Show a summary per file

File	Description
src/start-proxy/environment.ts	New module implementing environment inspection with functions to check proxy-related environment variables and Java configuration files
src/start-proxy/environment.test.ts	Comprehensive unit tests for the environment inspection module
src/start-proxy-action.ts	Integration of environment inspection with try-catch wrapper for best-effort execution
src/languages.ts	Addition of JavaEnvVars enum for consistent reference to Java environment variable names
src/init-action.ts	Refactored to use JavaEnvVars enum instead of string literals for JAVA_TOOL_OPTIONS
lib/*.js	Auto-generated JavaScript (not reviewed per coding guidelines)

[Copilot]

This code logs the complete value of proxy-related environment variables (HTTP_PROXY, HTTPS_PROXY, ALL_PROXY) at INFO level. These environment variables commonly contain embedded credentials in the format http://username:password@proxy:port.
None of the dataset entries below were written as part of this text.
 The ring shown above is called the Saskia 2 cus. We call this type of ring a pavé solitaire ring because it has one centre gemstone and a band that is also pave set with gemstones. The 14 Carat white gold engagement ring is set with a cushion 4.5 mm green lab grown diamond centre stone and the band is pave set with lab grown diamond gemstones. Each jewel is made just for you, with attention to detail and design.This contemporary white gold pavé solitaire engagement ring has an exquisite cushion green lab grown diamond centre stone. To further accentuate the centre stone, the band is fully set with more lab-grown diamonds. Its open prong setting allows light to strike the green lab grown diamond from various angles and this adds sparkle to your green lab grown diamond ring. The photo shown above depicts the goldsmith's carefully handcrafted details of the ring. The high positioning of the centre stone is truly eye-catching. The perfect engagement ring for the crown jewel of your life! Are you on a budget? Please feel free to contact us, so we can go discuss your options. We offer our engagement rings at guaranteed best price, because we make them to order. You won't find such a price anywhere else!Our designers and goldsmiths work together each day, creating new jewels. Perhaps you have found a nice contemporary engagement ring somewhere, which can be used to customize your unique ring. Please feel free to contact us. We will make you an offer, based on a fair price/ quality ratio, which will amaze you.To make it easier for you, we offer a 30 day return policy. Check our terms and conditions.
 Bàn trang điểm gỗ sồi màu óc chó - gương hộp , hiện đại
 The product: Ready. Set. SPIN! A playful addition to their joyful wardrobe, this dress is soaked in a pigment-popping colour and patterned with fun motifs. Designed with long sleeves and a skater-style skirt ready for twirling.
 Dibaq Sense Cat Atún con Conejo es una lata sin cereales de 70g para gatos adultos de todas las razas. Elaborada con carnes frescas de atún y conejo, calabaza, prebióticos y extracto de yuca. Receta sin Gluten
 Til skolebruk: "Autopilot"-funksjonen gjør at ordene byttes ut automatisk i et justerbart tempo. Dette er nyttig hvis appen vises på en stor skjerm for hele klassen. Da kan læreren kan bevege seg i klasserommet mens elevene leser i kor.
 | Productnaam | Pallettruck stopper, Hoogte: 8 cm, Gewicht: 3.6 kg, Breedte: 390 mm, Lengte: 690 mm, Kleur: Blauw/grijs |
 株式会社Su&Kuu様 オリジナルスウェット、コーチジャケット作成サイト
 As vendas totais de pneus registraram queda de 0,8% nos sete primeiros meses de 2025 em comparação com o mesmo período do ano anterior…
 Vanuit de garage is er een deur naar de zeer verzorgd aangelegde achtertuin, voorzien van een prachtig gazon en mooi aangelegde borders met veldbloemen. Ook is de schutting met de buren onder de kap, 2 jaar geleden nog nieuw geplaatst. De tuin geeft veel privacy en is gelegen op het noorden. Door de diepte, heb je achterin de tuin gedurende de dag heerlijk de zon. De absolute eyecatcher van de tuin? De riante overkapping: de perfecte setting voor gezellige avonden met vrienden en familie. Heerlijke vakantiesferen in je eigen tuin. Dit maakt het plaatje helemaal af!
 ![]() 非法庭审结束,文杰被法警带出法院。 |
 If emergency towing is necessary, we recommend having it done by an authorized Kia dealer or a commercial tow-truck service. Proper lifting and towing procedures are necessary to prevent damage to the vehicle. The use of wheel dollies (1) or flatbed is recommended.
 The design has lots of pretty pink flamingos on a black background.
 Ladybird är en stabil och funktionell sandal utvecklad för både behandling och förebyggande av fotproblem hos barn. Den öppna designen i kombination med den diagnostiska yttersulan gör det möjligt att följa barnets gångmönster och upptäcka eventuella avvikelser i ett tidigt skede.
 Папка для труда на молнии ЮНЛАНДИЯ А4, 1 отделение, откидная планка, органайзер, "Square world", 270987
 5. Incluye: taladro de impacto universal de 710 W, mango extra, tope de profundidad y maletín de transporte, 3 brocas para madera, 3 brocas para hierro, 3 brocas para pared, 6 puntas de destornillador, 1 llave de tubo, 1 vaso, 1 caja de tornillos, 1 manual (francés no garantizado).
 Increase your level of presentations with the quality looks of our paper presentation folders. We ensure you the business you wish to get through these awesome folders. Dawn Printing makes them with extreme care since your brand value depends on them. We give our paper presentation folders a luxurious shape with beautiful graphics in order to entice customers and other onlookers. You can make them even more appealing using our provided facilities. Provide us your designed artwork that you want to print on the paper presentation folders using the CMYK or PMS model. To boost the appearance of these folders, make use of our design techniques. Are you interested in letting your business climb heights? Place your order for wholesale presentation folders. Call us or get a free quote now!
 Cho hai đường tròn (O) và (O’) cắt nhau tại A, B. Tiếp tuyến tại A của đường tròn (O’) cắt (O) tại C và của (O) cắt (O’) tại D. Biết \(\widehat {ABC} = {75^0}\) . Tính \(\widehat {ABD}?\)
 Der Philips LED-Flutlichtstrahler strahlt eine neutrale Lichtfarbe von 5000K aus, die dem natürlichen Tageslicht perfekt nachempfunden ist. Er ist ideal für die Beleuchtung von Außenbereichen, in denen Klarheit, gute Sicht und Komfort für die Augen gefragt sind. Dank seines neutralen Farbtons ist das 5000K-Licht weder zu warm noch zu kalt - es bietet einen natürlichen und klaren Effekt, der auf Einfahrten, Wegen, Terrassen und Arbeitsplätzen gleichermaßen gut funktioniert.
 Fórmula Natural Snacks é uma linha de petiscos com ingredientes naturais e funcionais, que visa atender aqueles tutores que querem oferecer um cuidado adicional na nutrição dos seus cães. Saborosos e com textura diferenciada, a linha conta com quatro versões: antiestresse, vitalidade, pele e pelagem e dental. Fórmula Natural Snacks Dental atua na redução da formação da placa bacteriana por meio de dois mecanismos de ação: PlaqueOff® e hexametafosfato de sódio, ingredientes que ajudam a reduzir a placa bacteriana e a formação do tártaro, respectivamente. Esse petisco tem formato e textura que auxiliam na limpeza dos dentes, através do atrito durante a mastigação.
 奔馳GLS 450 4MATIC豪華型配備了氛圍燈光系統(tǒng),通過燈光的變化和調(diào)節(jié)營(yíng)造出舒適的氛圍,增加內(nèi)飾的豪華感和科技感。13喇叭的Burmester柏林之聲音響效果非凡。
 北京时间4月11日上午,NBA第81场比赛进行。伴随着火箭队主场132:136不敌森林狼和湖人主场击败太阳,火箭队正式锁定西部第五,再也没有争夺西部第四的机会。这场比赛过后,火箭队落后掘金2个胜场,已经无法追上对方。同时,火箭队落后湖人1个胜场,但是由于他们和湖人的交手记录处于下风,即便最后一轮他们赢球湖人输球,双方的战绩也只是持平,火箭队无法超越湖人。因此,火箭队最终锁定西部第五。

Logging these values would expose sensitive credentials in workflow logs.

Consider implementing sanitization to redact credentials from proxy URLs before logging, or logging only the presence/absence of these variables without their values (similar to how the else branch logs at DEBUG level that variables are not set).

[mbg]

I have added some protection against this in 99fcc7b by trying to parse the value as a URL in checkEnvVar and, if successful, clearing the username and password. Broadly, this should only be a concern for the members of ProxyEnvVars since, for the Java properties, there are separate http(s).proxyUser and http(s).proxyPassword which we don't try to find and therefore don't log.

[esbena]

LGTM with a very minor suggestion for yet another FF.

[esbena]

I'm probably grasping at straws here. But what if it is not our Java version that is problematic? But some other Java version chosen at a different point in time. I suppose this is somewhat addressed by the fact that we log File contents explicitly in addition to this effective settings logging

[mbg]

I think this is a valid question and one I have thought about. Other than what you have already said about us inspecting some of the configuration files, my thinking is that there are essentially two scenarios since this is default setup:

1. The runner is a GH-hosted runner, and the configuration of all available JDKs is the standard one we can observe ourselves.
2. The runner is self-hosted and the active Java version at the time the action runs is probably the one a customer would intend to run their build with.

Based on that, I don't think this is unreasonable.